President Obama's recent speech on the issue was widely dismissed as unlikely to break a Republican deadlock, even as the Illinois DREAM ACT was passed by the state Senate. The debate over immigration waxes and wanes with such predictable regularity that you could almost set your watch by it. Now more than ever it's crucial to look past the traffic jam that is the 24-hour news cycle, and a forthcoming program from the Chicago Film Archives will do just that.

CFA has chosen three films that look at the issue from very different viewpoints. MI Raza: Portrait of a Family documents a working-class Mexican-American family living in Pilsen, with fascinating glimpses of the neighborhood circa 1972. Good Night, Socrates won first prize in the 1962 Venice International Film Festival. This moving documentary about Greektown examines the partial destruction of the neighborhood to make way for the Kennedy Expressway and the new UIC campus. Lastly, The Do Family: New Americans for the 80's is made up of amateur footage shot on Super 8mm recording the arrival of a refugee Chinese-Vietnamese family to Deerfield. Filmmaker John Sanner was a member of The Zion Lutheran Church, which sponsored the family's relocation.

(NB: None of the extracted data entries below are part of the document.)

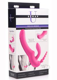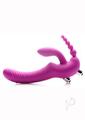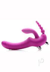 Ergonomically designed for the female body, this strapless strap-on provides clitoral, vaginal, and anal pleasure to the wearer while delivering a textured shaft with which to penetrate their partner. Furthermore, this remarkable couples toy thrums throughout all stimulation points with the power of two vibrating bullets.
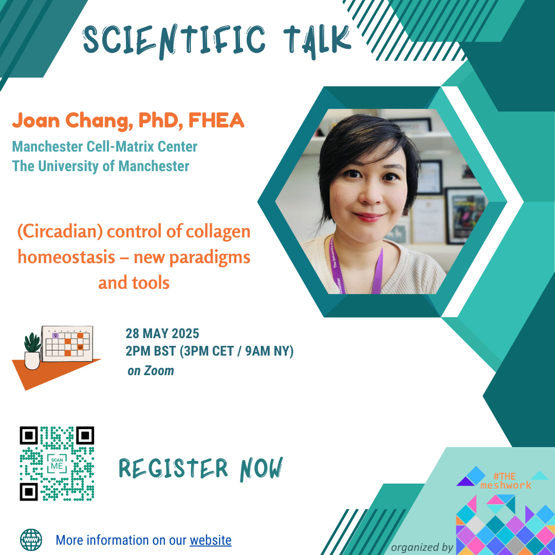 The monthly online seminars by The Meshwork continue. This time we are joined by Dr Joan Chang (Manchester Cell-Matrix Centre, University of Manchester)
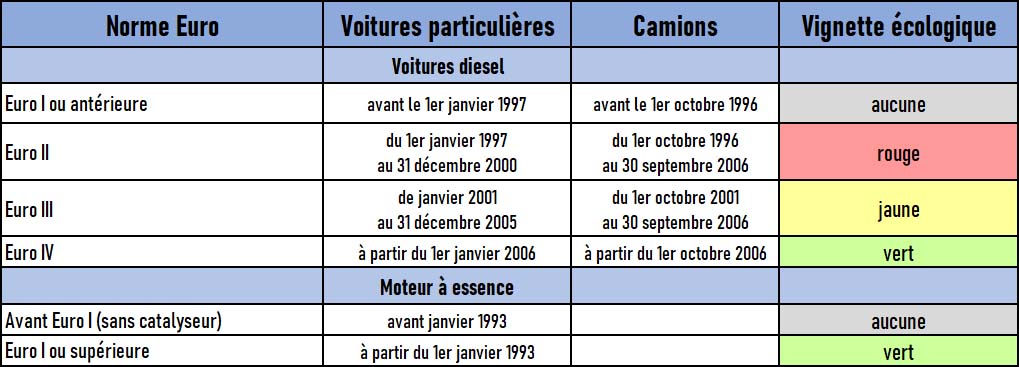 Vous pouvez facilement connaître le type de vignette écologique que vous pouvez obtenir pour votre véhicule en consultant le tableau récapitulatif ci-dessous. (Le niveau Euro représente la directive CEE/CE sur l’émission de polluants mentionnée dans votre document d’immatriculation.)
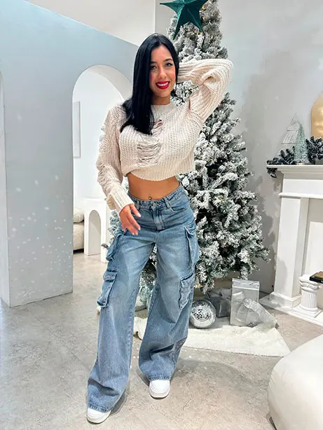 Suéter acanalado de cierres talla única
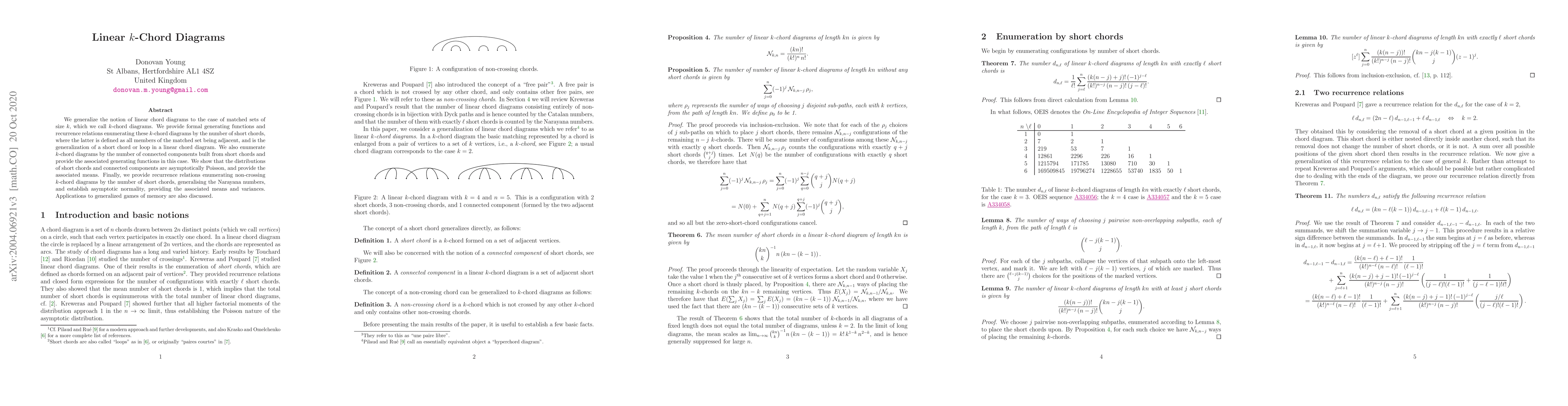 This paper generalizes linear chord diagrams to $k$-chord diagrams for matched sets of size $k$, providing generating functions and recurrence relations for enumerating these diagrams by short chords and connected components. It also discusses asymptotic Poisson distributions and recurrence relations for non-crossing $k$-chord diagrams, along with applications to generalized memory games.
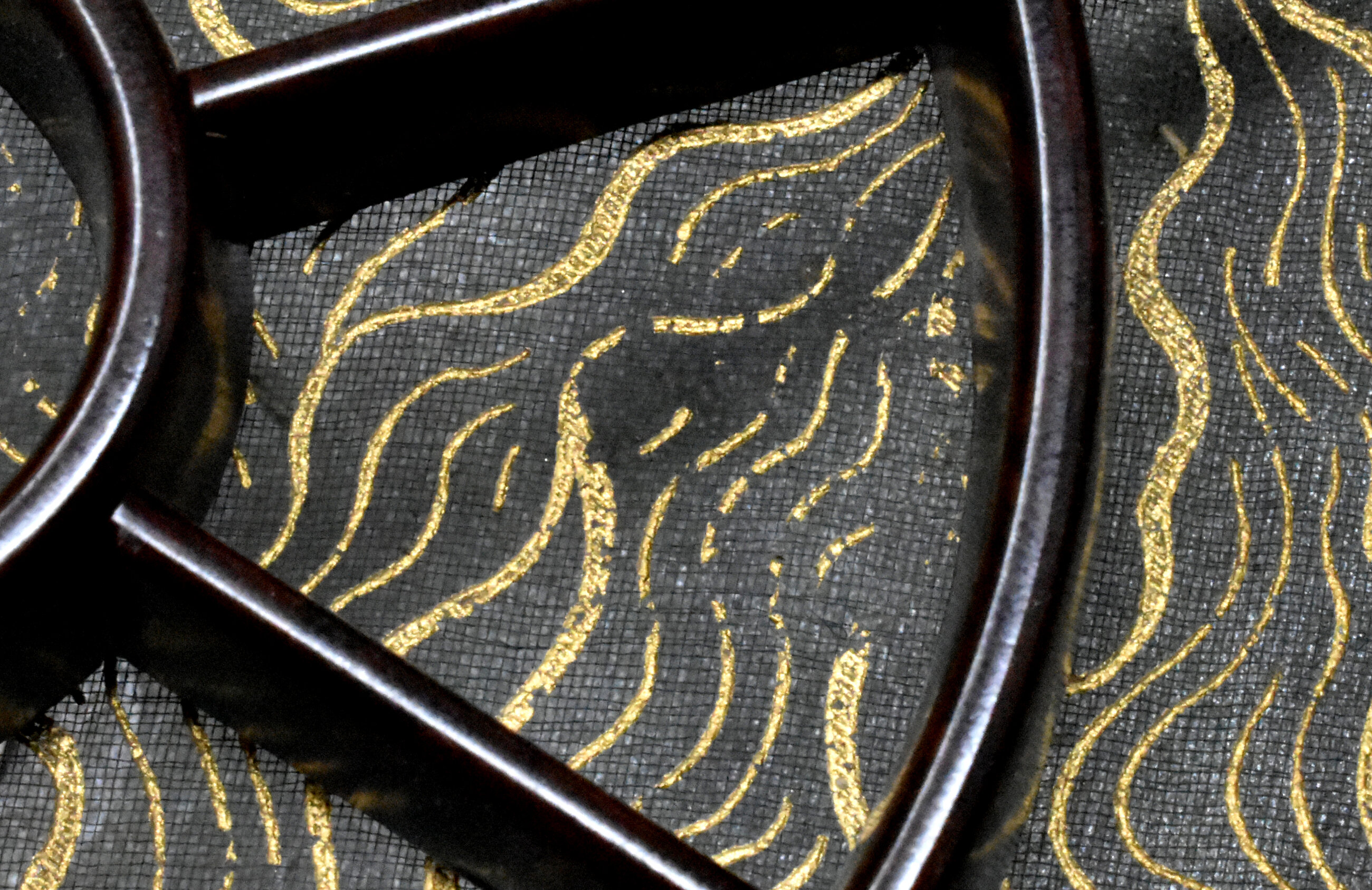 – si l’on vernit uniquement les fausses dorures, le moindre coup de pinceau à côté fera boire le vernis au tissu, et cela se verra immédiatement.
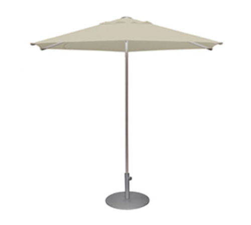Shade Umbrella, 8-1/2 ft., hexagon top, 1-1/2" dia. center hole, anodized aluminum pole, ribs, struts, hubs, and finial, manual lift, self locking, with vent, pocket less canopy attachment, all repairable construction
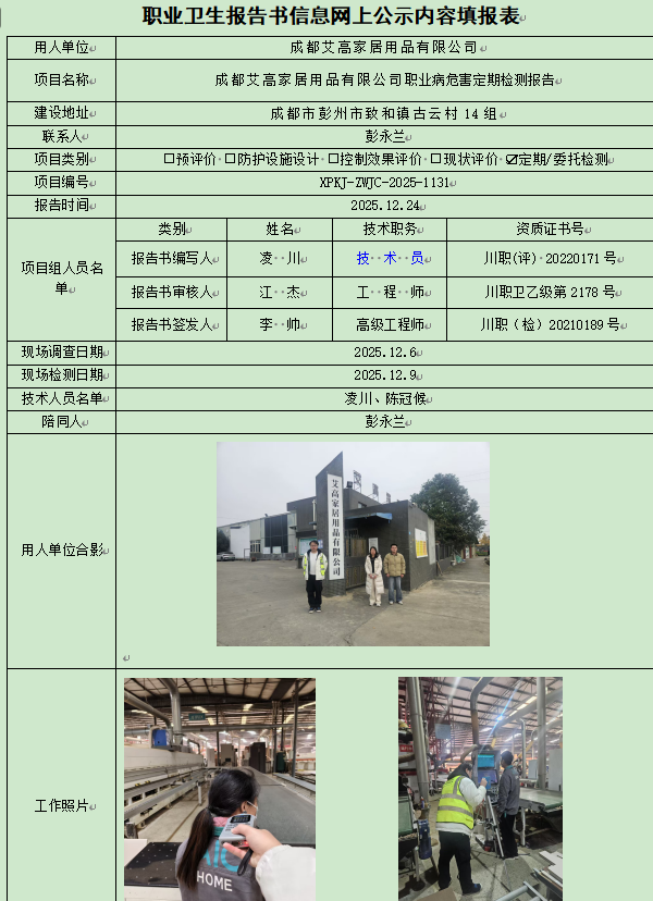 成都艾高家居用品有限公司职业病危害因素定期检测

After the screening there will be a panel discussion with Fred Tsao, Policy Director of Illinois Coalition for Immigrant and Refugee Rights; Virginia Martinez, former Policy Analyst at the Mexican-American Legal Defense and Education Fund; and Ngoan Le from the Chicago Community Trust.

Family Firsts: 3 Tales of Immigration is Tuesday, May 24, 6:30 p.m. at Claudia Cassidy Theater at the Chicago Cultural Center, 78 E. Washington. The screening is free.